Harry Potter serisinin bittiği ilk dönemlerde yeni bir hikaye için yanıp tutuşuyorduk. Harry’nin çocuklarının hikayeleri olabilirdi. Voldemort’un geçmişi olabilirdi. Çapulcular olabilirdi. Fantastik Canavarlar Nelerdir Nerede Bulunurlar uyarlanabilecek bir hikaye olarak görünmüyordu, gerçi hikaye değildi zaten. Filmin haberi geldiğinde Newt Scamander’in dünyayı gezip canavar toplayacağı, bol maceralı ve efektli bir şeyler beklemiştim. Tabii fragmanlarla birlikte bu beklenti yok oldu ama asıl rahatlamayı filmi izlediğimde yaşadım. “Basalım ışığı, büyü efektini görsel şölen yapalım” bakış açısının bu filmde olmaması büyük şans. Tabii ki sihirli yaratıklar ön planda olduğu için buna benzer bir durum var ama bu kez anlatıda replikler ön plana çıkıyor çok şükür. Harry ve Voldemort’un bütün seriyi özetleyen son konuşması yerine birbirlerine sarılıp çatıdan atlamalarını izledikten sonra bu gerçekten büyük bir gelişme. Filmle ilgili bütün değerlendirmelerim Harry Potter serisinde rahatsızlık duyduklarım üzerinden gidiyor farkındayım ama bu filmde de işler aynı şekilde gitseydi film çıkışı İngiltere’ye gidip David Yates’i ve –ona izin verdiği için- JK Rowling’i tokatlamak bir numaralı hedefim olacaktı.

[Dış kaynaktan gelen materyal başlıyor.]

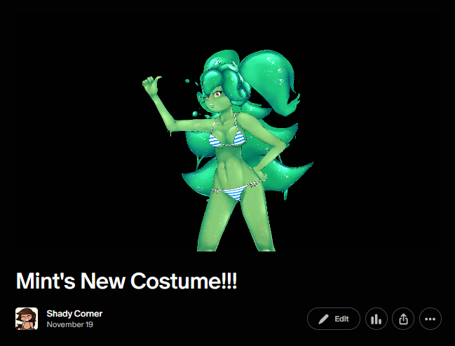 https://www.patreon.com/posts/mints-new-143895685 This week we may show the nude version if your really good~
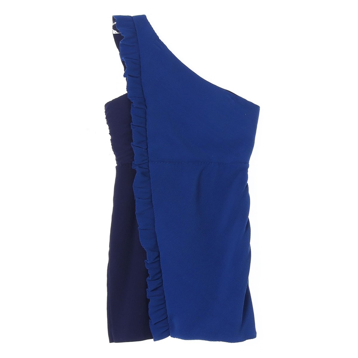 산드로 블루 원 숄더 오프숄더 미니 러플 칵테일 드레스

Eddie Redmayne bir gün öldüğünde sinema tarihine çok derin izler bırakan bir efsane olarak anılacak. Daha 32 yaşında Oscar’a uzanan Redmayne’i Büyücülük Dünyası’nda izlemek gerçekten büyük bir keyif. Stephan Hawking ve Lili Elbe’nin aksine çok daha az etkileyici Newt Scamander’ı da etkileyici hale getirmesi gerçekten nefis bir durum. Tek sıkıntı Tina’yı canlandıran Katherine Waterston’ınla uyumlu durmamaları. Film boyunca aralarında bir aşk sahnesi geçmediğinin farkındayım ama yine de uyum şart. Neyse ki Dan Fogler ve Samantha Morton oldukça eğlenceli bir işe imza atmışlar da Kowalski ve Mary Lou’yu birlikte izlemek oldukça keyifliydi. Kötü taraftaysa Credence’e can veren Ezra Miller benim beklentime göre sönük kalırken Colin Graves esas kötümüz Graves’e gerçekten beden sağlamış.
Filmin tek büyük sıkıntısı planlama hatasından kaynaklanan sonu. Önce tek duyurulan, sonra üç, vizyondan kısa süre önce de beş film çıkacağı söylenince zaten kafalar karışmıştı. Aynı kafa karışıklığını JK Rowling’de de biraz gördük denebilir. Üstelik bu kez filmler, Harry Potter serisinin aksine birbirleriyle daha bir göbekten bağlı olacak. Tek tek bakıldığında o kadar güçlü hikayeler sunma potansiyeli yok. O yüzden filmin sonunun bir dizi bölümü sonu kadar özensiz görünmesi kekremsi bir tat bırakıyor. Ama işin sonunda Büyücülük Dünyası’na geri döneceğimizi biliyoruz. O zaman bizi ne mutsuz edebilir ki?